Its main target are two- and three- dimensional drift- and gyro-fluid simulations with discontinuous Galerkin methods as the main numerical discretization technique.

#Ivi unblocked software#
Finally, we find that the product of latency and bandwidth gives a minimum array size per compute node to achieve a scaling efficiency above 50% (both strong and weak).įeltor is both a numerical library and a scientific software package built on top of it. We are able to predict the execution time with a relative error of less than 25% for problem sizes between 10⁻¹ and 10³ MB. Based on these, we propose a parallel performance model that predicts the execution time of algorithms implemented in FELTORand test our model on a selection of parallel hardware architectures. We identify latency and memory bandwidth as the main performance indicators of our routines. In a second part, we explore important performance tuning considerations.

We briefly discuss alternative methods to ensure the correctness of results like the convergence of reduced physical quantities of interest, ensemble simulations, invariants or reduced simulation times. Pointwise convergence, even in principle, becomes impossible for long simulation times. This behavior translates to its numerical representation. In fact, in the physical model slightly different initial conditions lead to vastly different end states. However, reproducibility and accuracy alone fail to indicate correct simulation behavior. In particular, we adopt an implementation of the exactly rounded dot product based on long accumulators, which avoids accuracy losses especially in parallel applications. First, we show how we restore accuracy and bitwise reproducibility algorithmically and programmatically. We observe that numerical simulations of a recently developed gyro-fluid model produce non-deterministic results in parallel computations. Its main targets are two- and three-dimensional drift- and gyro-fluid simulations with discontinuous Galerkin methods as the main numerical discretization technique. FELTORconsists of both a numerical library and a collection of application codes built on top of the library.
#Ivi unblocked code#
It allows developing platform independent code that runs on a variety of parallel computer architectures ranging from laptop CPUs to multi-GPU distributed memory systems.
#Ivi unblocked free#
Finally, we verify these approaches on two modern HPC systems: both versions deliver reproducible number of iterations, residuals, direct errors, and vector-solutions for the overhead of less than 37.7 % on 768 cores.įELTORis a modular and free scientific software package.

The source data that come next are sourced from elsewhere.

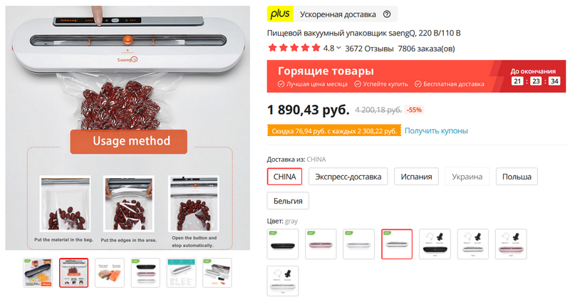 Недорогой вакууматор различных расцветок. Рейтинг очень высокий, отзывы отличные. Вещь в хозяйстве совершенно незаменимая: я когда свой первый вакууматор приобрел, то быстро понял, как неправильно жил до этого.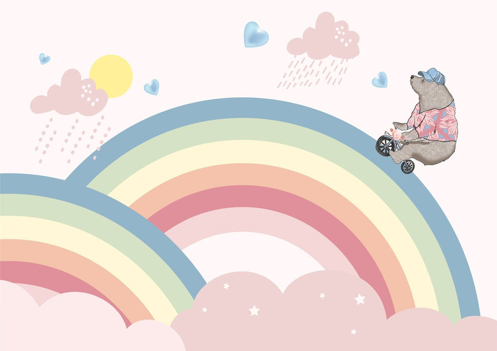 Lassen Sie sich von unserer Fototapete Französisch Kind Regenbogen für ein Kinderzimmer mit einem schönen Regenbogen illustriert. Diese Tapete für Kinderzimmer ist auch ideal für ein Babyzimmer oder ein Spielzimmer. Diese eher mädchenhafte, farbenfrohe Wanddekoration erzählt süße Geschichten und bringt Zärtlichkeit in die Atmosphäre Ihres Zimmers. Entscheiden Sie sich für eine maßgefertigte Tapete für das Zimmer Ihres Babys. Eine umweltfreundliche und umweltbewusste Tapete.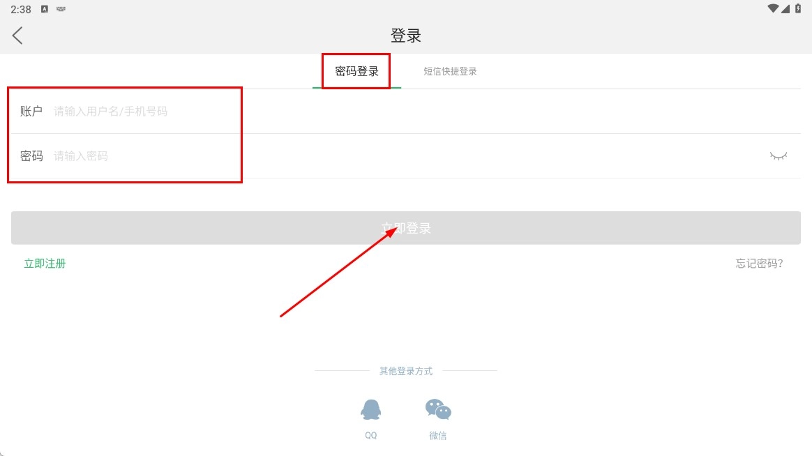 在登录页面,你可以选择【密码登录】的方式,输入对应的账户与密码后,点击【立即登录】这个功能按钮即可。

These algorithmic strategies are reinforced with programmability suggestions to assure deterministic executions. Instead of converting the entire solver into its ExBLAS-related implementation, we identify those parts that violate reproducibility/non-associativity, secure them, and combine this with the sequential executions. One is based on ExBLAS and preserves every bit of information until the final rounding, while the other relies upon floating-point expansions and, hence, expands the intermediate precision. In this article, we propose two algorithmic solutions that originate from the ExBLAS project to enhance the accuracy of the solver as well as to ensure its reproducibility in a hybrid MPI + OpenMP tasks programming environment. While being widely used, the solver is also known for its lack of accuracy while computing the residual.

The Preconditioned Conjugate Gradient method is often employed for the solution of linear systems of equations arising in numerical simulations of physical phenomena. Finally, we verify these approaches on two modern HPC systems: both versions deliver reproducible number of iterations, residuals, direct errors, and vector-solutions for the overhead of less than 37.7% on 768 cores.